Dalam perkara terdakwa HM, ia didakwa dengan salah satu pasal TPPU namun dalam berkas perkara tidak ditemukan hasil pemeriksaan PPATK maupun pemberitahuan penyidik kepada PPATK tentang adanya penyidikan perkara TPPU sebagaimana yang diatur oleh UU No. 8 Tahun 2010 tentang TPPU.
“Kami sependapat dengan ahli Dr. Dwi Seno Wijanarko, SH, MH, bahwa dalam perkara TPPU harus ada hasil pemeriksaan atau analisis oleh PPATK. Dalam perkara ini sama sekali tidak ada syarat-syarat yang dipenuhi oleh penyidik maupun JPU sebagaimana yang diatur oleh UU No. 8 Tahun 2010 tentang TPPU. Jadi saat ini banyak sekali perkara tindak pidana 378 dan 372 KUHP langsung sekaligus diterapkan dengan pasal TPPU oleh penyidik tanpa ada proses formil seperti pemberitahuan ke PPATK dan tiba-tiba perkaranya bisa P-21,” ujar Dwi Seno.
Ini sangat berbahaya jika penyidik atau JPU bisa langsung menyimpulkan sendiri adanya transaksi mencurigakan dan langsung disimpulkan TPPU, padahal kewenangan analisis ada di PPATK.
“Besok-besok ada orang menggunakan uang perusahaan beli susu anaknya bisa langsung kena TPPU,” kata advokat Hendra Onggowijaya, SH, MH.
Selanjutnya Dwi Seno Wijanarko yang juga dosen Universitas Bhayangkara Jakarta ini menambahkan bahwa yang berwenang melakukan pemeriksaan terhadap transaksi keuangan yang mencurigakan adalah PPATK.
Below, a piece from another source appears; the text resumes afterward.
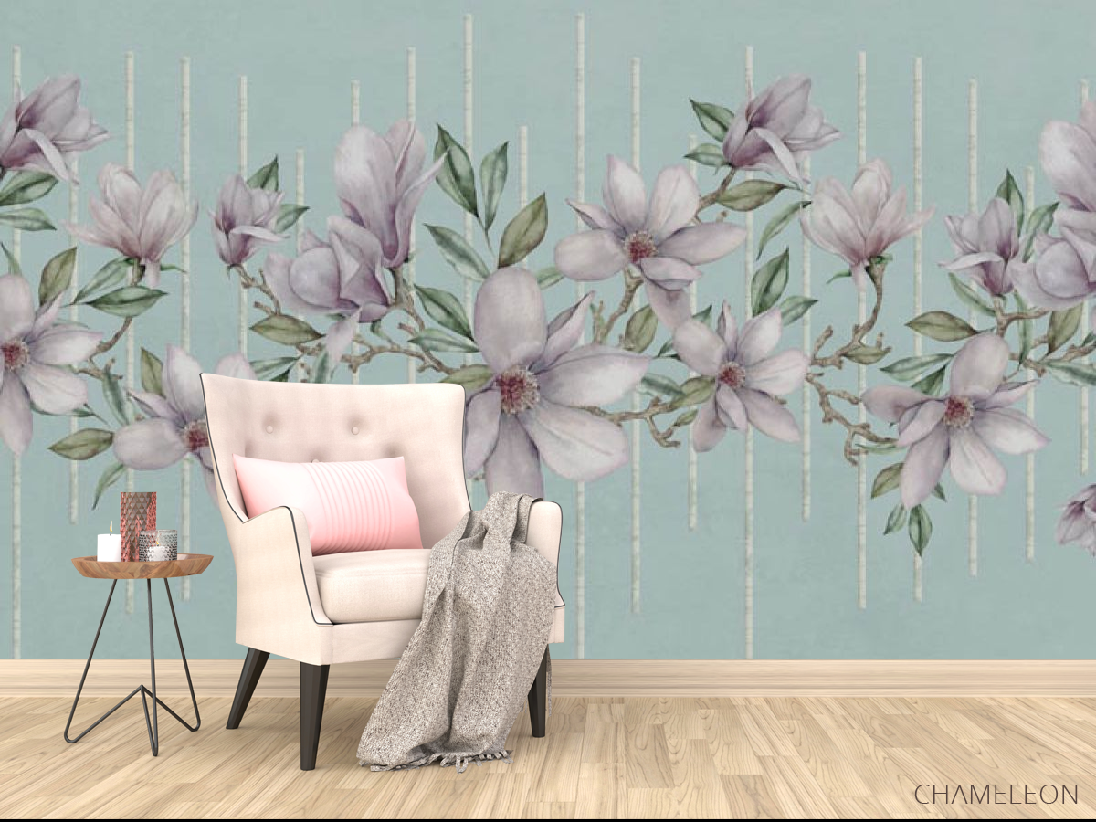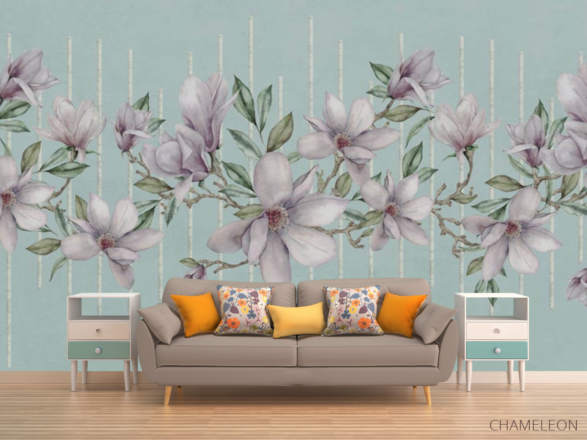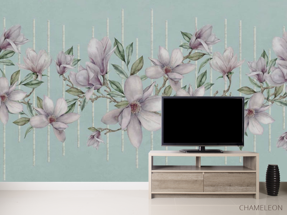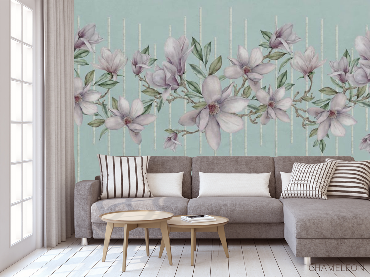 Фотообои Магнолии на фоне бирюзы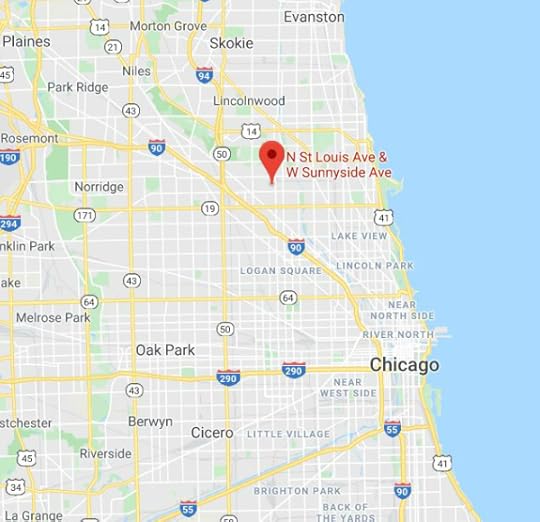 According to Kel, "The figure was under the streetlamp on St. Louis [Avenue] and Sunnyside [Avenue] in Chicago, on the northwest side of the St. Louis sidewalk just across Sunnyside. I was on the southwest side of the St. Louis sidewalk on the other side of Sunnyside."

“Hal ini diatur dalam ketentuan Pasal 64 ayat (1) UU TPPU : PPATK melakukan pemeriksaan terkait dengan adanya indikasi tindak pidana pencucian uang atau tindak pidana lain,” tutur Dwi Seno.
Onggowijaya, dalam keterangan tertulisnya kepada wartawan menyesalkan ketidakprofesionalan penyidik dan JPU terkait penerapan pasal TPPU terhadap terdakwa tanpa melalui hukum formil yang berlaku.